Мы сели на диван, покрытый пыльным пестрым атласом, и Алла достала фотоальбомы. Их плотные картонные обложки было сложно измочалить, но времени это удалось. Оно словно грызло их и терзало, силясь отнять у памяти нашу нетленную игрушку – прошлое. В альбомах не было фотографий Рустама, но он присутствовал незримо, он только случайно не попал в кадр. Вот свадьба Аллы, свадьба Марьяши, ныне матери пятерых, вот и то лето, когда Рустам еще был женихом Аллы, и то, в которое я любила его, и то, в которое он жил у меня. Вот мы с Аллой и Рустамом пошли в лес, вот костер, который он развел, и шалаш, который он построил, вот мы с Аллой обнимаемся – нас сфотографировал Рустам. Вот еще, и еще Алла, увиденная его карим глазом в рождественском вертепе объектива. Она, тогда красавица, плохо вышла на этих фотографиях; Рустам словно хотел снять ее не так, как это сделал бы любой другой фотограф, но «мыльница» не дала. Даже этого не позволила ему судьба.

Я думала, что больше никогда не увижу Рустама, мне он не писал.


Сколько времени прошло – год или два, прежде чем подруга показала мне документальный фильм о тарикате Кадирийа в Гиссаре?

Громкий зикр в доме усопшего. Пятьдесят мужчин двигались по кругу, с каждым выдохом припадая на одну ногу. Хромающий хоровод ускорялся, и слова его – «ля илляха илля-ллах» – сливались в гул большого механизма, вибрацию, исходящую будто бы от гор, иногда мелькающих за окнами в случайных прорехах между теснящимися телами, накрененными к центру круга. Лица мюридов, сосредоточенные, залитые потом, лица тех, кто именно сейчас, в эту минуту отдался высшей силе, напоминали лица космонавтов, глядящих из иллюминатора сквозь пелену плавящейся обшивки. Само движение – дело жизни тех и других.

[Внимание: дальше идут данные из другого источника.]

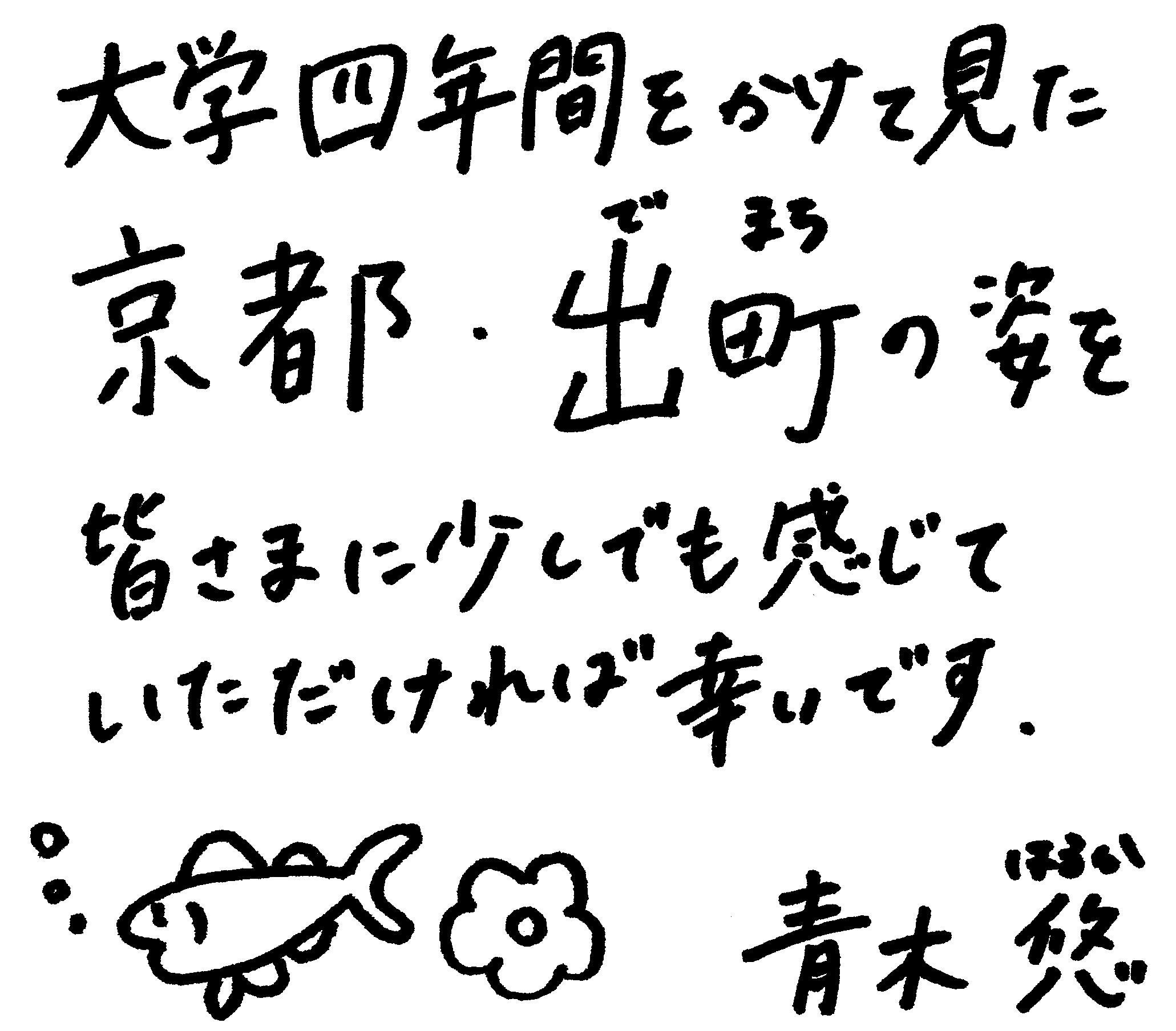 URL: https://prcdn.freetls.fastly.net/release_image/12754/1034/12754-1034-3c40499bf38e60a3b148bb47223fd2be-1822×960.jpg “Kyoto University Student Dives into Demachi! Kyoto Shitamachi Travelogue” is a coming-of-age essay written by a current Kyoto University student, depicting the “real” image of Kyoto’s downtown through his interactions with the town and its people. Set in the Demachi Masugata Shopping Arcade, where bustle and tranquility coexist, this book is filled with laughter, tears, and sudden encounters and partings… Woven from a gentle, observant eye, these essays are as dramatic as a novel, yet as realistic as a documentary. With every turn of the page, you’ll feel as if you’re there, immersed in the nostalgic air and scents of Kyoto’s downtown. Author Aoki Yu’s fresh sensibility and sincere gaze capture “Kyoto at this very moment,” a story sure to bring a gentle breath of fresh air to the reader’s heart. This book won the runner-up prize at the “Publishing Koshien,” a competition in which university students from all over Japan compete for the grand prize. This is Yu Aoki’s publishing debut, and his talent was recognized by judges Takuya Kawamura of QuizKnock and Hideaki Tsuchie (Diamond Inc.), the head judge. ● “Kyoto University Students Dive into Demachi! Comments of support from celebrities and publishing professionals for “Kyoto Shitamachi Monogatari” I commended the author for his excellent sense of balance in depicting the niche area of Demachi while maintaining the purpose of serving as a local community, without coming across as preachy. 〉 QuizKnock’s Takuya Kawamura 〈It has the refreshing feel of a coming-of-age novel set in Kyoto, but also a layered feel that connects the past and present, something even locals are surprisingly unaware of. Even though it’s a story set right in the heart of where I was born and raised, it leaves you wondering, “Where is this story from?” An exquisite blend of “Demachi and the author’s writing skills” Mishima Kunihiro, CEO of Mishimasha (from Kamigyo Ward, Kyoto City) 〈Although it’s nonfiction, I felt it had the appeal of a novel. Especially listening to the characters’ stories, I felt it had the potential to become a drama. > “Publishing Koshien” Head Judge, Tsuchie Hideaki (Diamond Inc.) Viva “Demachi Masugata Shopping Street”! Ah, here it is. A place that’s more Kyoto University-like than Kyoto University itself. I’ll never forget it, no matter how much time passes. This is true sanctuary. 〉 Takashi Yamashita, Shop Lune, Kyoto University Co-op 〈These stories are filled with powerful episodes and characters, like stories, that will make you say, “No way!?” I’m captivated not only by the mysterious power of the place called Demachi, but also by Aoki’s vitality, which draws these stories to her. This book will make you excited about undiscovered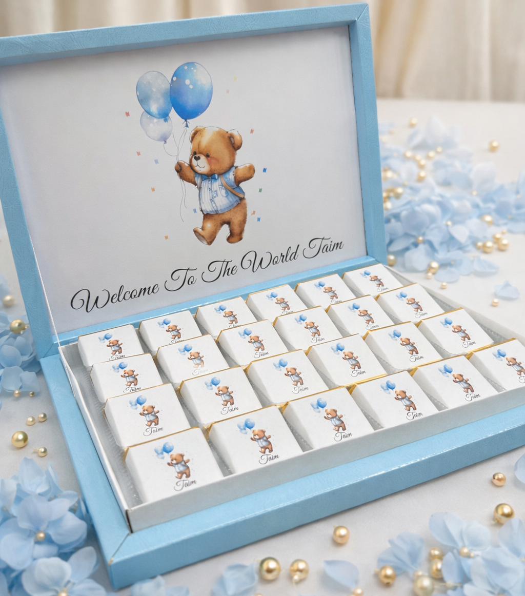 علبة شوكولاتة مخصصة لحفلات استقبال المواليد.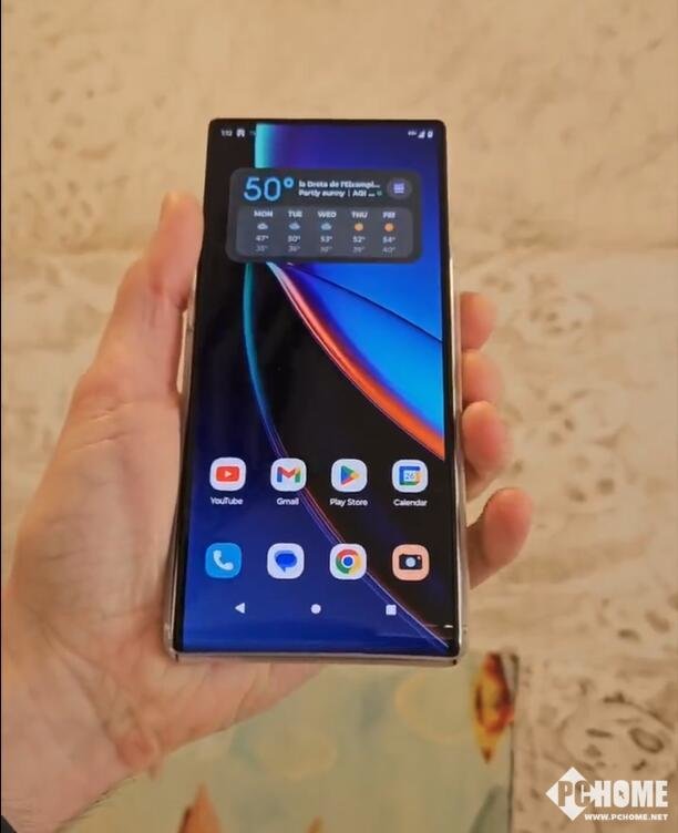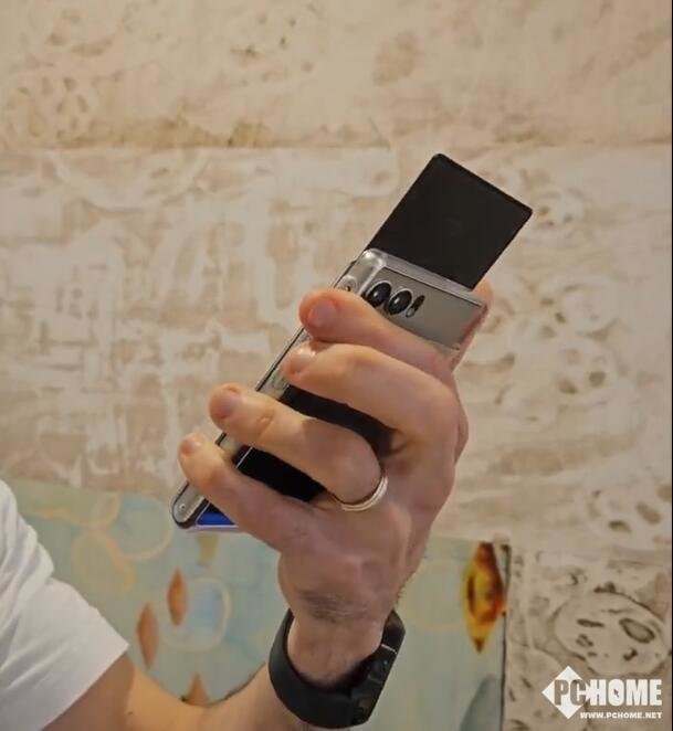 从机身背部可以看到,在屏幕收起时,是卷起在机身背部的。此时这部分屏幕可以充当副屏来使用,一些轻量级的使用完全可以在此区域进行互动,比如各种通知信息的呈现、导航使用、主摄自拍等。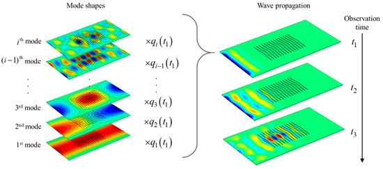 14]. Linking time-domain vibration behaviors to spatial-domain propagating waves can also help us understand instantaneous wave responses at any time or at any interval with identical high calculation efficiency, if compared to a full finite element analysis.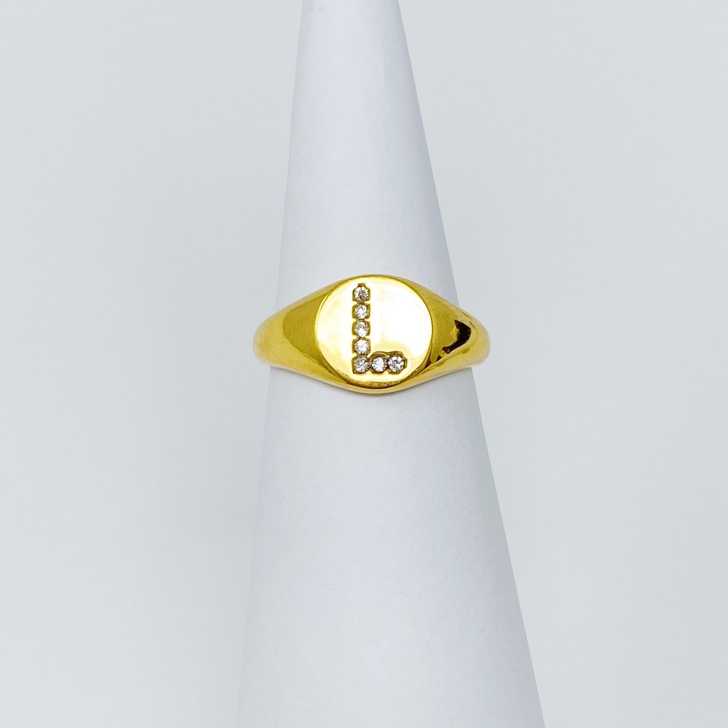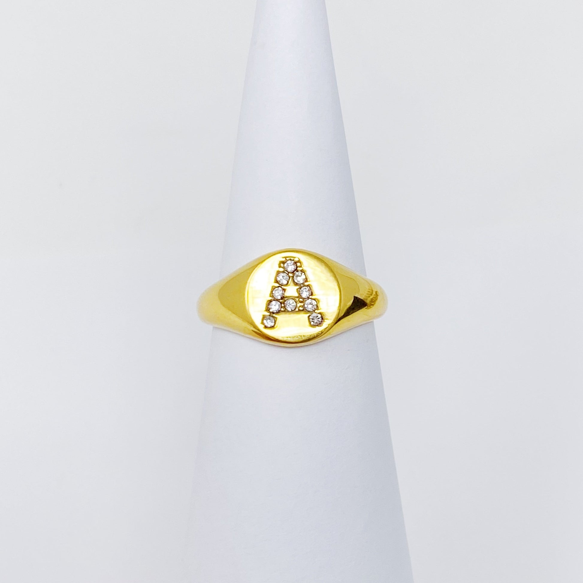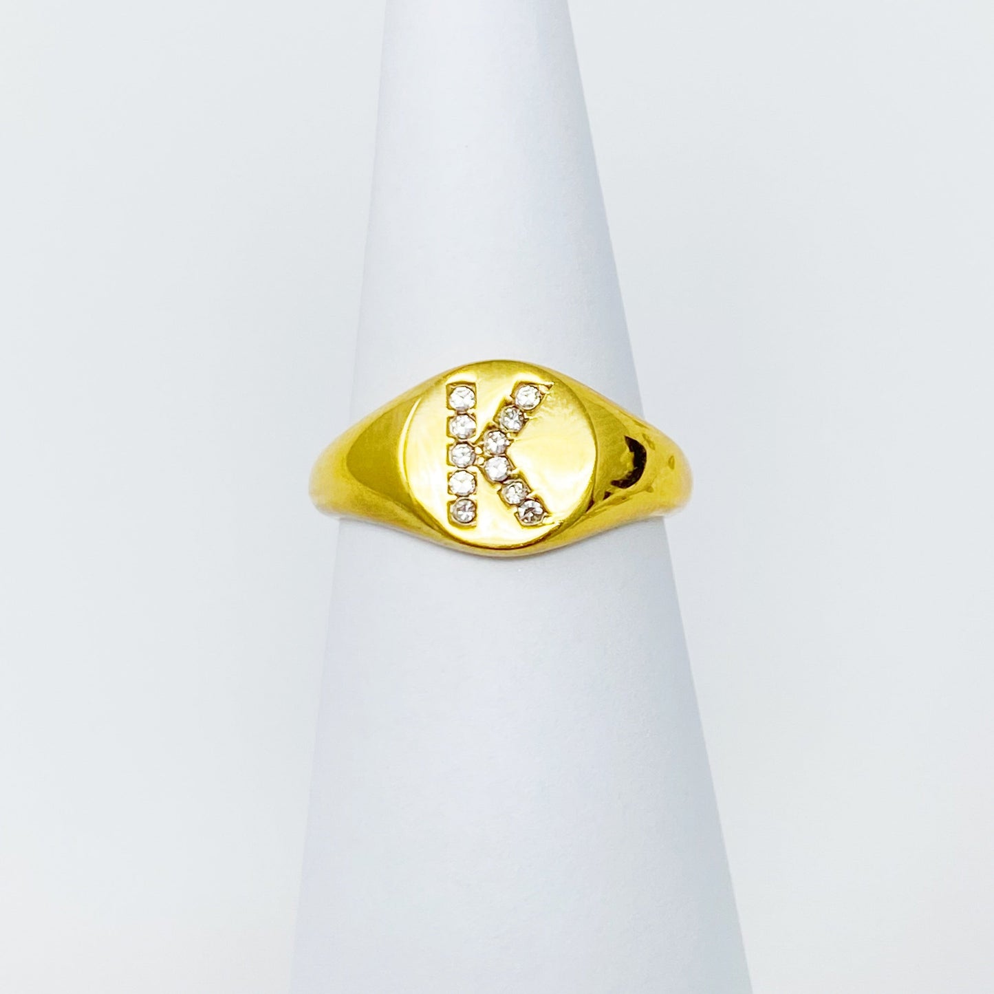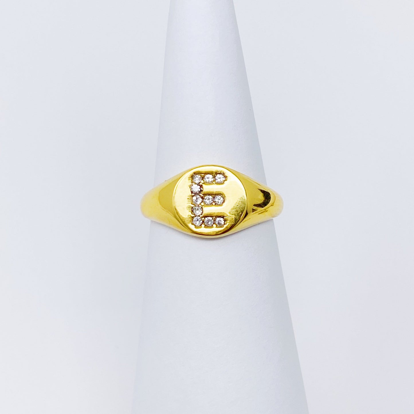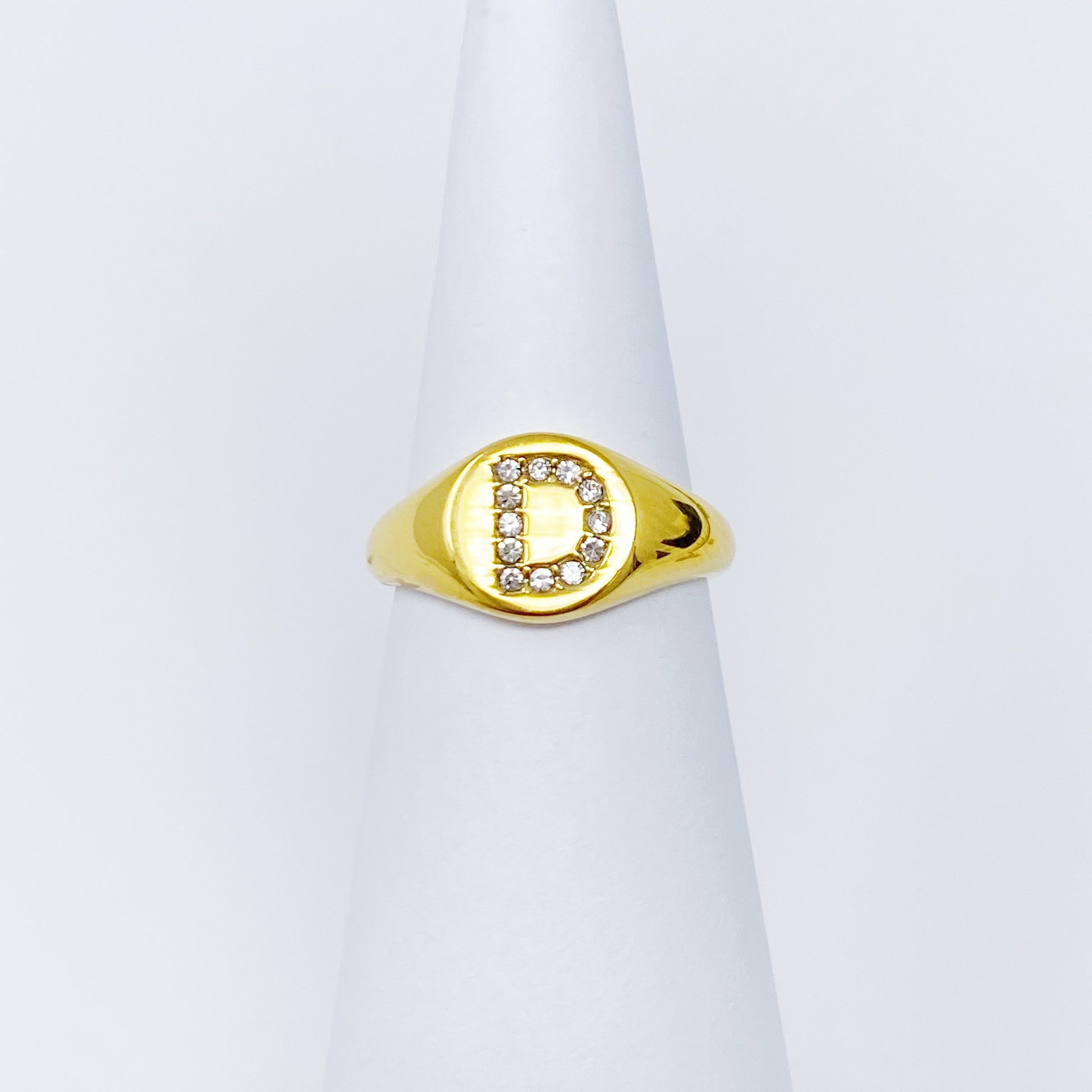 Stylish bold gold ring with initial paved with shiny CZ stones.
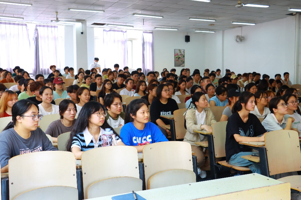 魏陵从学校的地理位置、大学生活、优良学风以及在校规划等方面,为新生们描绘了一幅丰富多彩的大学生活蓝图。他强调,合理规划学习与生活,踊跃参与各类社团活动与学术竞赛,是加速个人成长和拓宽视野的宝贵途径,并鼓励同学们珍惜每一次学习和锻炼的机会。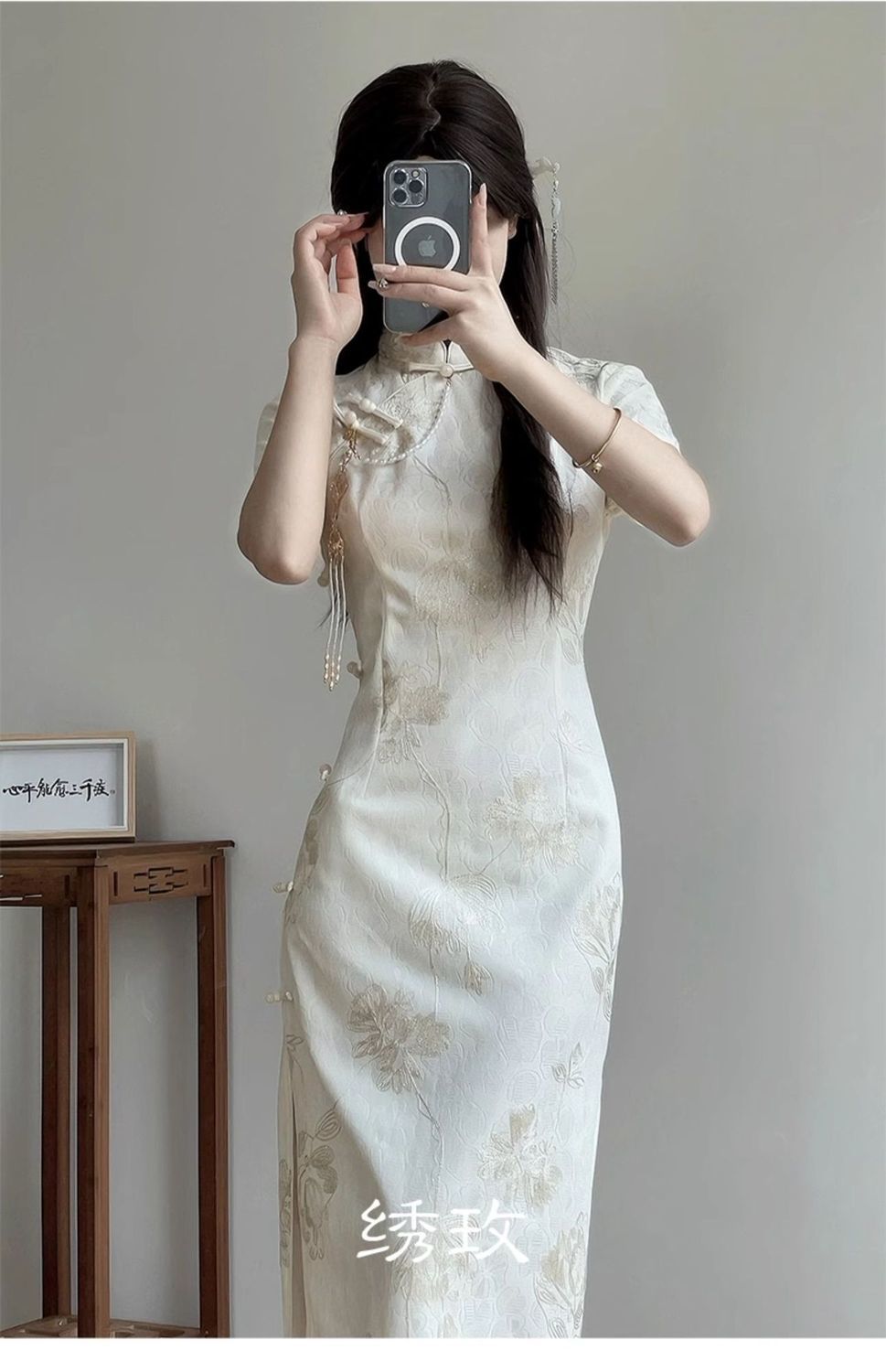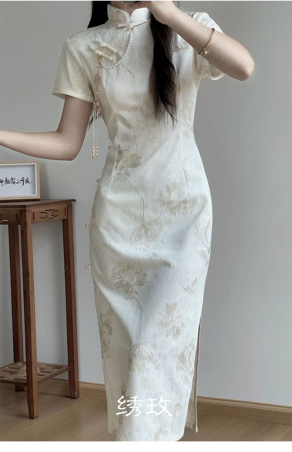 레이스 청삼 작은 2025 새로운 여름 복고풍 중국 슬림핏 우아한 매일걸 개선 젊은 스타일스토어 가기

«Муж снимал, зикр длился четыре часа, – взволнованно говорила Ксения. – В мавланистском Таджикистане кадириты редкость, состоят в ордене в основном вайнахи. Мюриду во время зикра представляется, что он летит низко над землей как бы в раскрученном диске, издающем свистящий, пульсирующий гул, ощущение реальности исчезает. Зикр – четки в руках Аллаха, мюрид – бусина, Аллах каждого по очереди касается перстами. В воздухе появляется запах розового масла с Его перстов. Масло на потолке, на стенах, на полу, на людях… Потом женщины отовсюду оттирают. А вот этот парень спрашивал, знаю ли я тебя, представляешь?! Он с какой-то твоей родственницей знаком. Мюридам еще кажется, будто все вокруг охвачено огнем, и только место, на котором совершается зикр, остается вне пламени». Ксения нажала на «паузу», и в лице юноши, который уже много раз проносился в зикре и оставался мною не узнанным, вдруг проступили черты Рустама. В его глазах бушевал океан пламени, окружающий зикр, и, наклоняясь в круг, Рустам уворачивался от огненных всплесков.

Я никогда не видела, как Рустам играет в футбол. И вдруг с болью, сжавшей грудную клетку, пожалела об этом. Сколько красоты, тигриной грации искало выхода и нашло его только здесь, в ритуальном танце чужого Рустаму народа. О, если бы он не предпочел Аллу сборной России! А может, и футбол был иллюзией, мнимой жертвой, и Рустам играл, как всякий дворовый мальчишка…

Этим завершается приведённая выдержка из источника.